═════ Source data ═════
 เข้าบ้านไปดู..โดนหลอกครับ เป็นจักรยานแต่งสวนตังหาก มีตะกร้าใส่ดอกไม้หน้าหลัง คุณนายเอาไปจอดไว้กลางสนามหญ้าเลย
═════
═════ Source data ═════
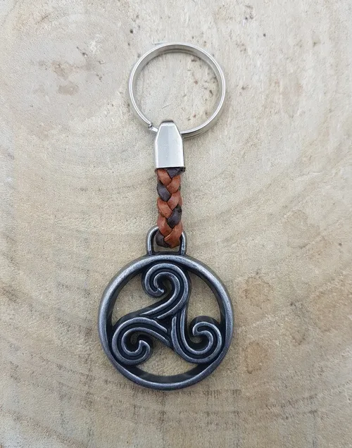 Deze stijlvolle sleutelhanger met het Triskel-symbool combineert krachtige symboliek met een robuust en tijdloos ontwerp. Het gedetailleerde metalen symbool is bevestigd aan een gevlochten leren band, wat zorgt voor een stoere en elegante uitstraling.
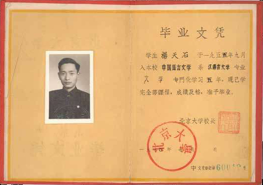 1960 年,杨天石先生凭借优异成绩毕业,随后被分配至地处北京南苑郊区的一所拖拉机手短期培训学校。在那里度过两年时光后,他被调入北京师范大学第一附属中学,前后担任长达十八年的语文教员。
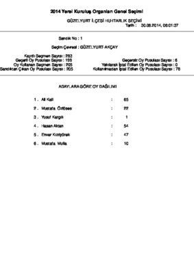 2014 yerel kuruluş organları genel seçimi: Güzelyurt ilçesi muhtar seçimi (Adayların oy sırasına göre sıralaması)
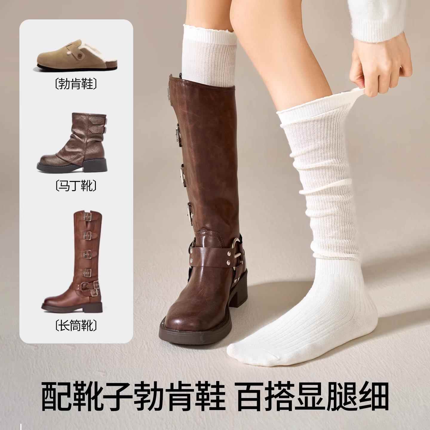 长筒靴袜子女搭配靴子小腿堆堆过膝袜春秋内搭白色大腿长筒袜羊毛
═════
**Task details:** Above are the records; copy exactly the lines from the one with "1960 年,杨天石先生凭借" through the one with "长筒靴袜子女搭配靴子小腿堆堆过膝袜春秋内搭白色大腿长筒袜羊毛", including both, and nothing more. Leave out pictures.

**Problem solution:**
 1960 年,杨天石先生凭借优异成绩毕业,随后被分配至地处北京南苑郊区的一所拖拉机手短期培训学校。在那里度过两年时光后,他被调入北京师范大学第一附属中学,前后担任长达十八年的语文教员。
 2014 yerel kuruluş organları genel seçimi: Güzelyurt ilçesi muhtar seçimi (Adayların oy sırasına göre sıralaması)
 长筒靴袜子女搭配靴子小腿堆堆过膝袜春秋内搭白色大腿长筒袜羊毛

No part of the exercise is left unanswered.